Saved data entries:
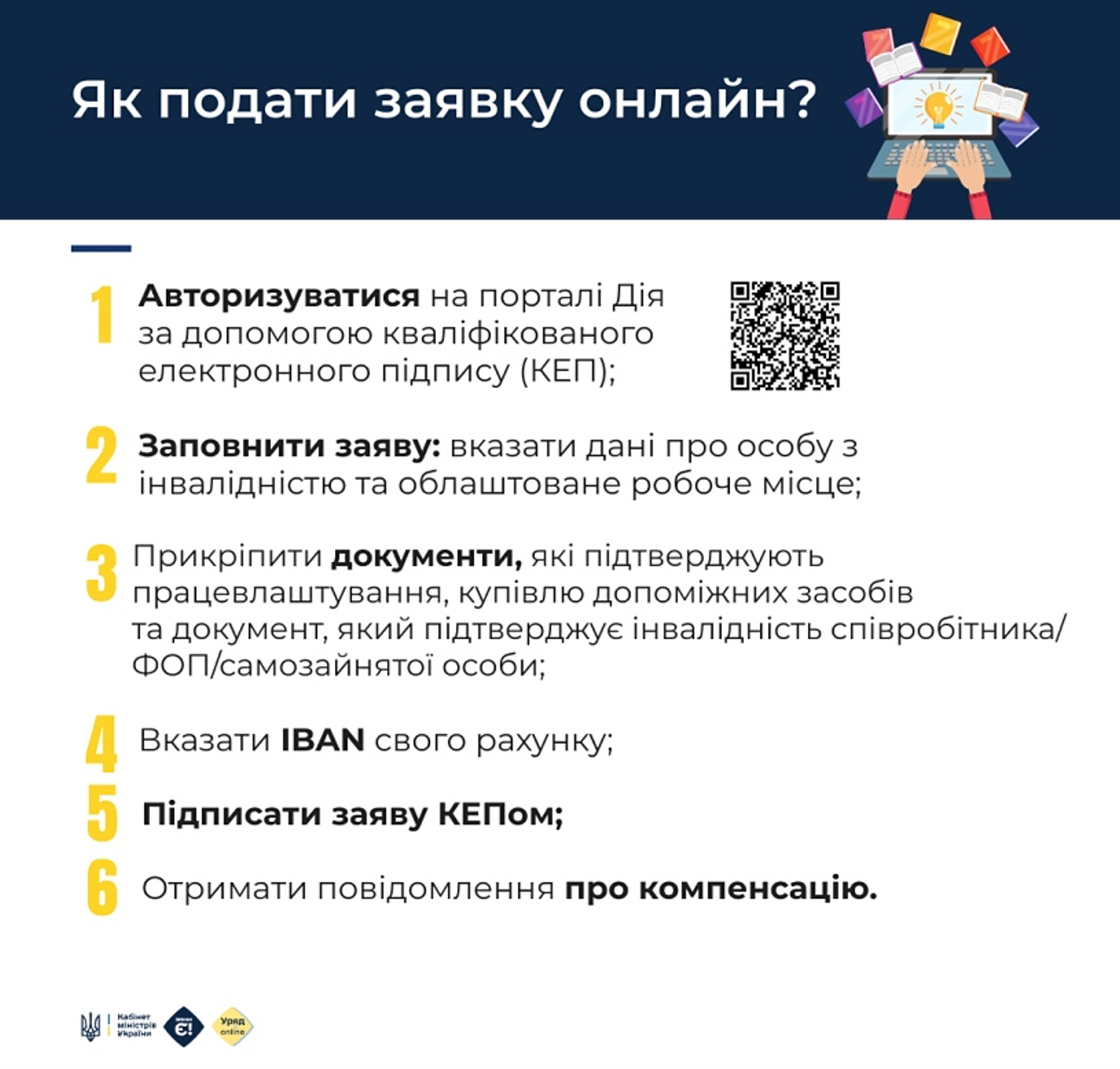 Щоб скористатися програмою компенсації, роботодавці мають працевлаштувати людину з інвалідністю та забезпечити її робочим місцем або облаштувати власне місце провадження господарської діяльності/незалежної професійної діяльності, якщо заявником є ветеран з інвалідністю.
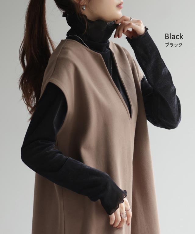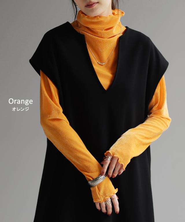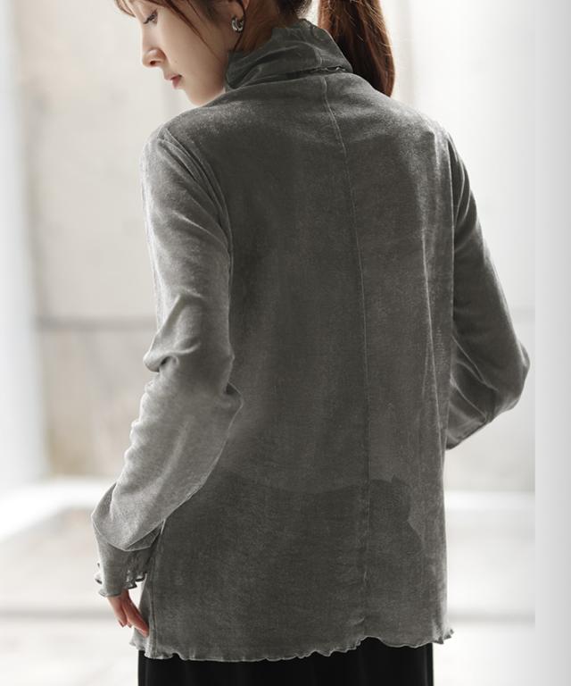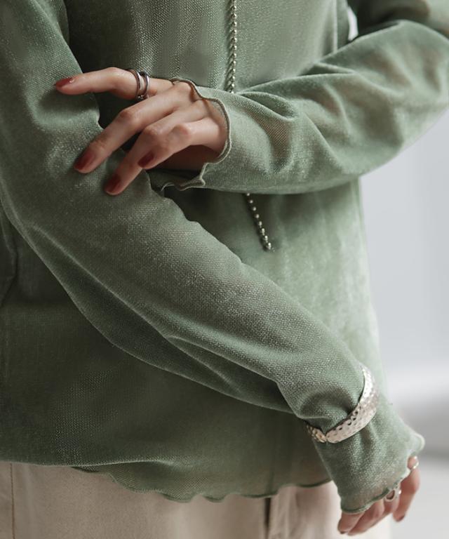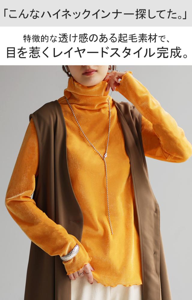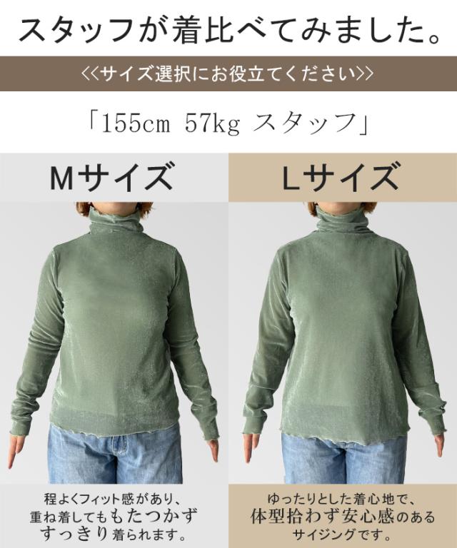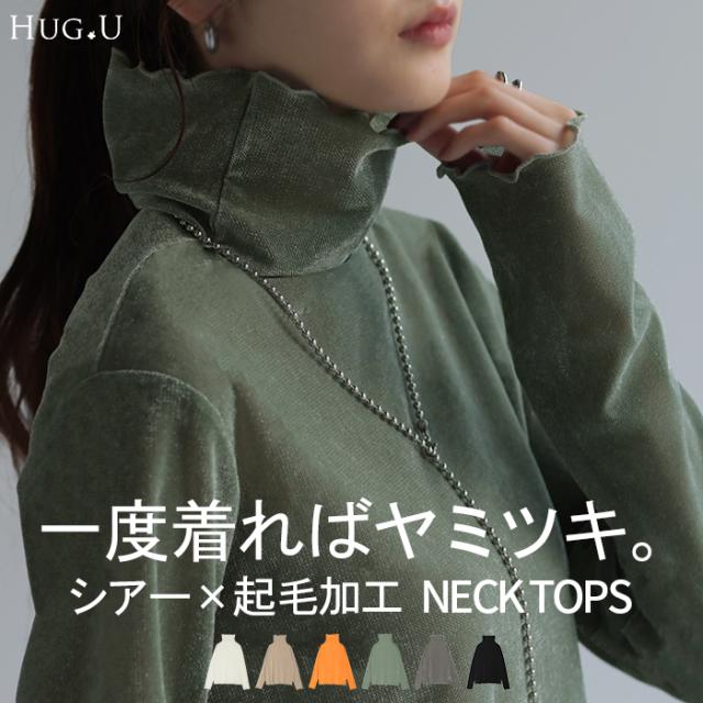 ロンT レイヤード シアー ベロア フロッキー シースルー シアートップス レディース ゆったり 肌隠し インナー 長袖 透け 重ね着 薄手 タートル ハイネック メロウ タートルネック きれいめ 体型カバー ストレッチ 無地 グリーン 黒 白 春 夏 HUG.U 秋新作
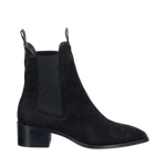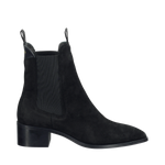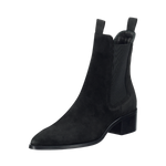 Elegant chelseaboot i mjuk mocka med klassisk silhuett, elastiska sidopaneler och dragflik bak för enkel av- och påtagning. Skon har spetsig tåhätta och blockklack som ger en wow-effekt till vilken outfit som helst. Med en ovandel i mocka med breda resårinlägg och en läderklädd innersula och textilfoder.
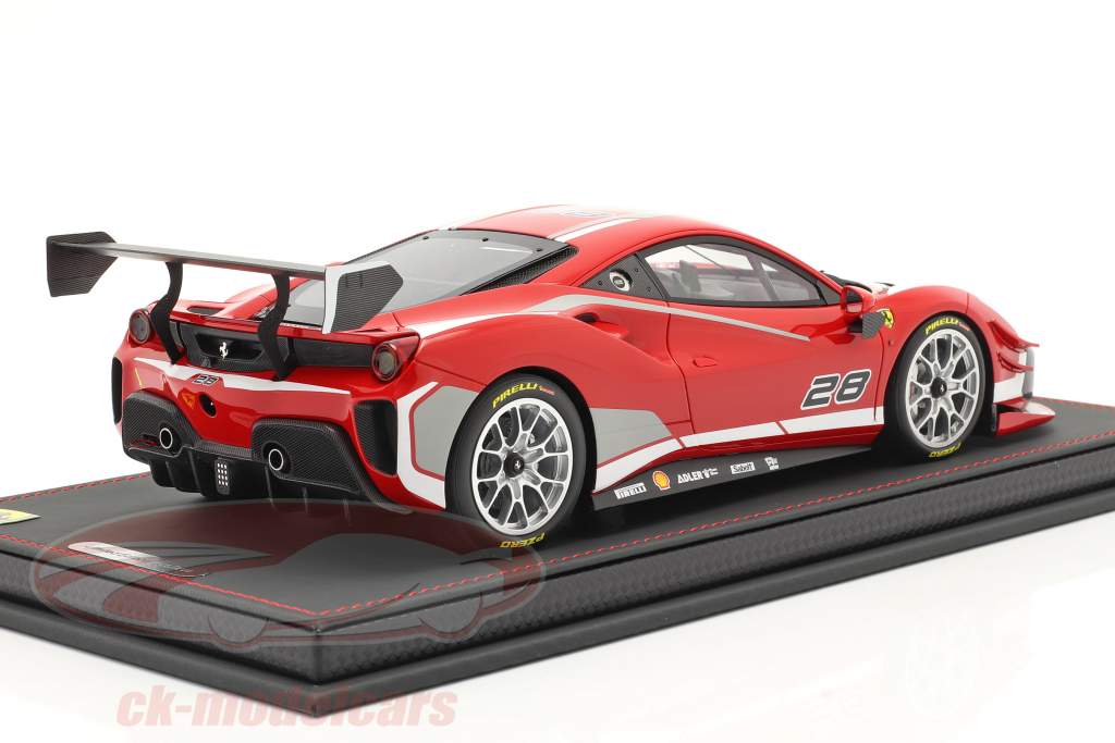 A red and white model car with the number 28 on the side is displayed on a black base with a red logo. The car has a sleek design with a low profile and aerodynamic features. The base has a reflective surface and the logo is embossed. | Ferrari 488 Challenge Evo #28 2020 rood / Wit 1:18 BBR | c1da0102db65ecc36d698ee2b2f26d459d670cdc80810ecaeaaed4799d584cc3 | 000910719601 | 0 | 0 | 47 | 11 | 0 | 0 | |
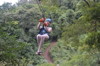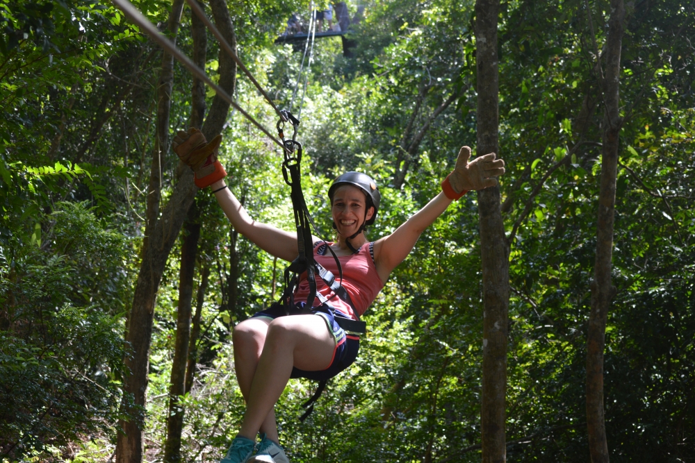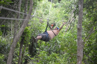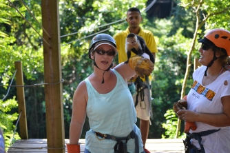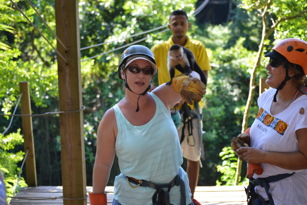 We went zip lining here, which was booked for us by the tour staff outside our hotel. The guides were very friendly, and spoke English well. There were four of us, and we were given a private tour. You have to walk a little way uphill to start the zip lines, but once you reach the top, the lines are situated so that where one ends is close to where the next starts. The last one lands you where the monkey tour starts, so there is minimal walking or climbing, once you reach the first line. There is a photographer who goes with you, and will sell you a CD with all your photos for $35. After completing the zip lines and seeing the monkeys, we walked through the butterfly house. Our total time there was around 2 hours. You can pay with US dollars, or credit card, but I recommend taking cash to tip your guide. By the way, make sure your currency does not have any tears or tape on it. American money is widely accepted in Roatan, however it will not be accepted if it is damaged or taped.Visited April 2016
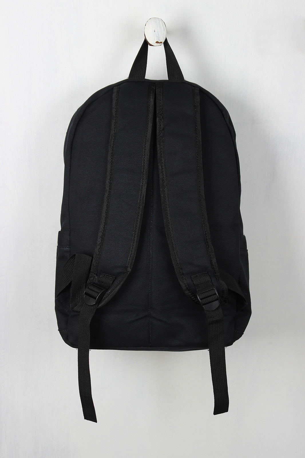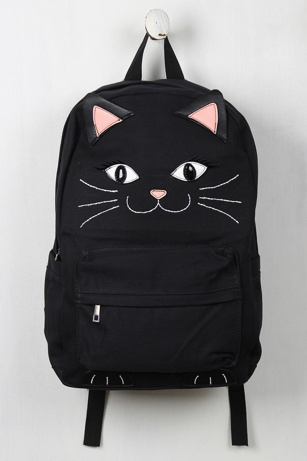 This adorable backpack will have you purring with delight. Featuring a canvas fabrication, kitty face embroidered to the front, with vegan leather applique pieces, front zip pocket, two side slip pockets, and a main zipper pouch, lightly cushioned back and adjustable shoulder straps.
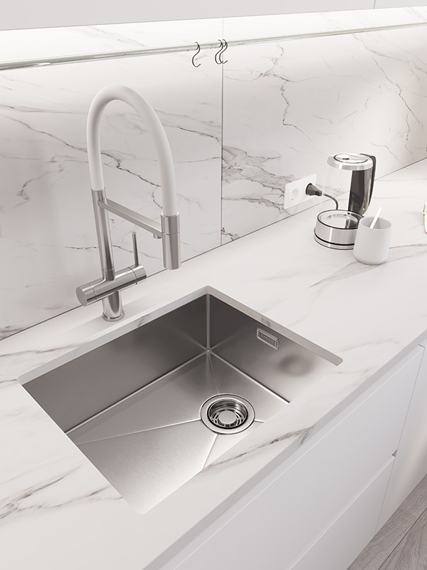 Мойка из нержавеющей стали AISI 304 с PVD покрытием. AISI 304 содержит 18% хрома и 9% никеля, что обеспечивает максимальную устойчивость к коррозии. PVD покрытие (метод покраски путем напыления в вакууме) встраивается в кристаллическую решетку металла, образуя прочный защитный слой. Легко удаляется жир, налет и разводы от воды.
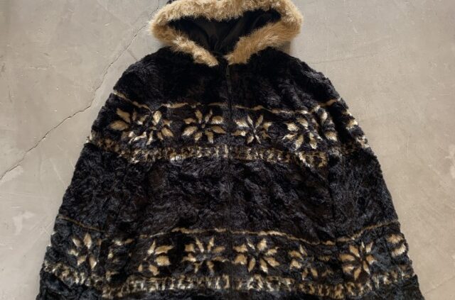 JACK CLOTHING SUPPLY【M】Anthony Richards アクリルボア エスキモージャケット パーカー 黒 総柄■ビンテージ オールド レトロ アメリカ古着 リバーシブル
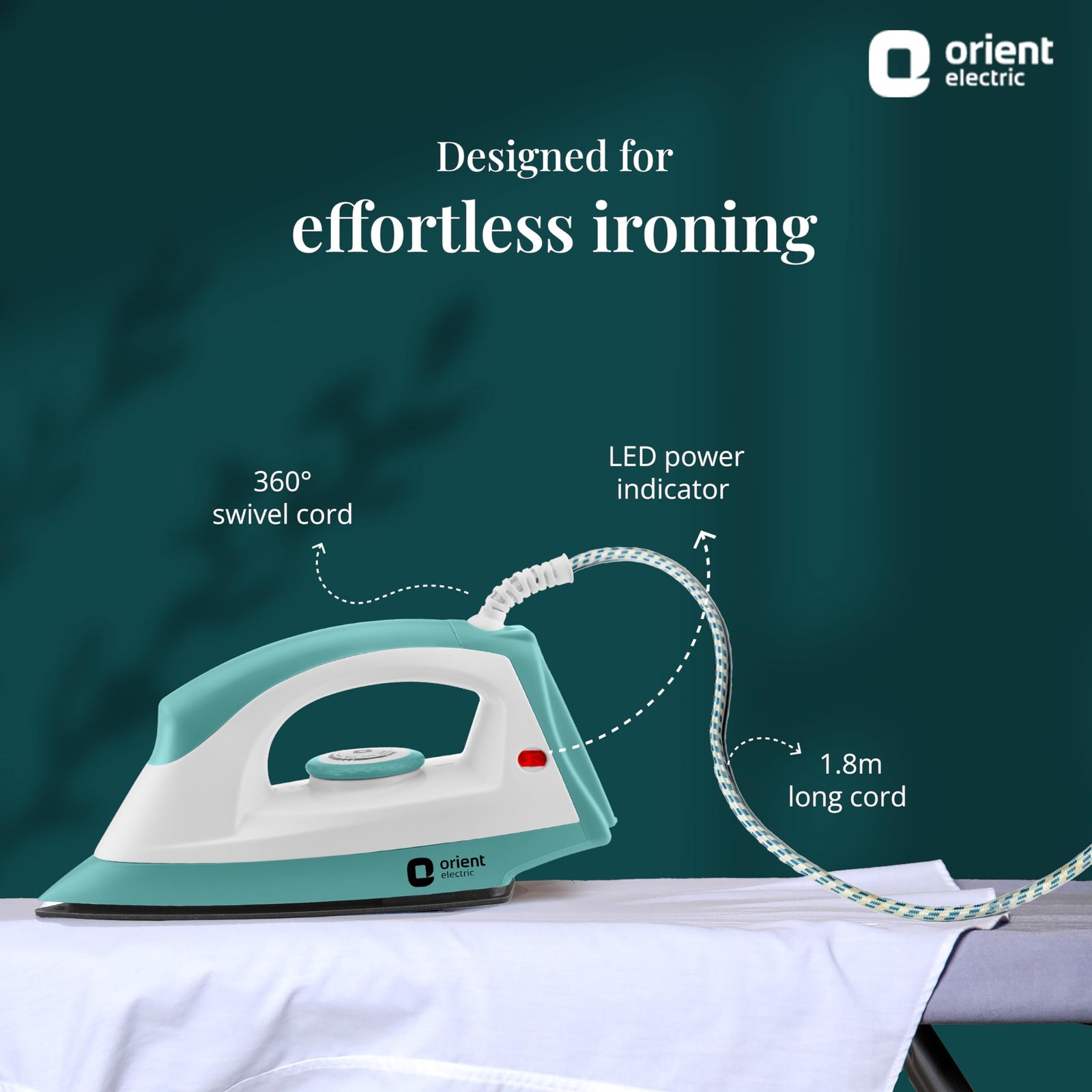 The fabri joy dry iron with plastic body comes with an array of features to give you the best ironing experience. Light in weight, easy to use and highly effective on creases, fabri joy dry iron guarantees smooth performance every time. If you are looking for lightweight, quality dry iron for your daily ironing needs, look no further than the fabri joy dry iron. The high quality non-stick American heritage sole plate makes sure that this iron glides easily and effortlessly on all types of fabrics. The C-type heating element further ensures uniform heat distribution. It consumes only 1000 watts of power and heats up in no time to deliver best ironing results while saving you time. The 360 degree swivel cord allows you to move the iron in any direction with utmost ease, thereby allowing for faster and effective ironing. The temperature control knob allows you to select the best temperature setting according to the type of fabric. It also comes with a Neon lamp indicator.
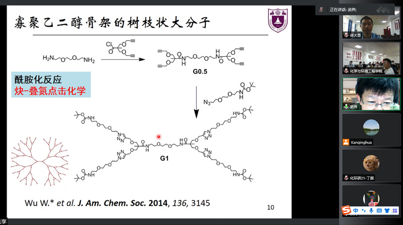 武伟教授做的报告题为“骨架可修饰的树枝状聚合物的合成及在药物递送中的应用”。武伟教授对于纳米药物在肿瘤治疗中越来越广泛的应用,针对临床肿瘤血管的特性,提出开发小纳米尺寸、化学结构可精准控制、易于修饰、化学稳定性好且药理学和药动力学高度可重现的树枝状大分子对肿瘤药物递送的策略,详细介绍了骨架可修饰的双功能化树枝状大分子的合成及其前药合成,药物在体内外及肿瘤内的分布和释放,以及安全性研究,取得预期效果。武伟教授的研究成果在生物医药方面具有良好的应用前景,树枝状大分子丰富多变的化学结构为其功能拓展提供了广阔的空间。

Aim of the exercise. Verbatim transcription needed, from the opening line of the entries above through the line containing "A red and white"; pictures do not belong in it.

Expected answer.
 Щоб скористатися програмою компенсації, роботодавці мають працевлаштувати людину з інвалідністю та забезпечити її робочим місцем або облаштувати власне місце провадження господарської діяльності/незалежної професійної діяльності, якщо заявником є ветеран з інвалідністю.
 ロンT レイヤード シアー ベロア フロッキー シースルー シアートップス レディース ゆったり 肌隠し インナー 長袖 透け 重ね着 薄手 タートル ハイネック メロウ タートルネック きれいめ 体型カバー ストレッチ 無地 グリーン 黒 白 春 夏 HUG.U 秋新作
 Elegant chelseaboot i mjuk mocka med klassisk silhuett, elastiska sidopaneler och dragflik bak för enkel av- och påtagning. Skon har spetsig tåhätta och blockklack som ger en wow-effekt till vilken outfit som helst. Med en ovandel i mocka med breda resårinlägg och en läderklädd innersula och textilfoder.
 A red and white model car with the number 28 on the side is displayed on a black base with a red logo. The car has a sleek design with a low profile and aerodynamic features. The base has a reflective surface and the logo is embossed. | Ferrari 488 Challenge Evo #28 2020 rood / Wit 1:18 BBR | c1da0102db65ecc36d698ee2b2f26d459d670cdc80810ecaeaaed4799d584cc3 | 000910719601 | 0 | 0 | 47 | 11 | 0 | 0 | |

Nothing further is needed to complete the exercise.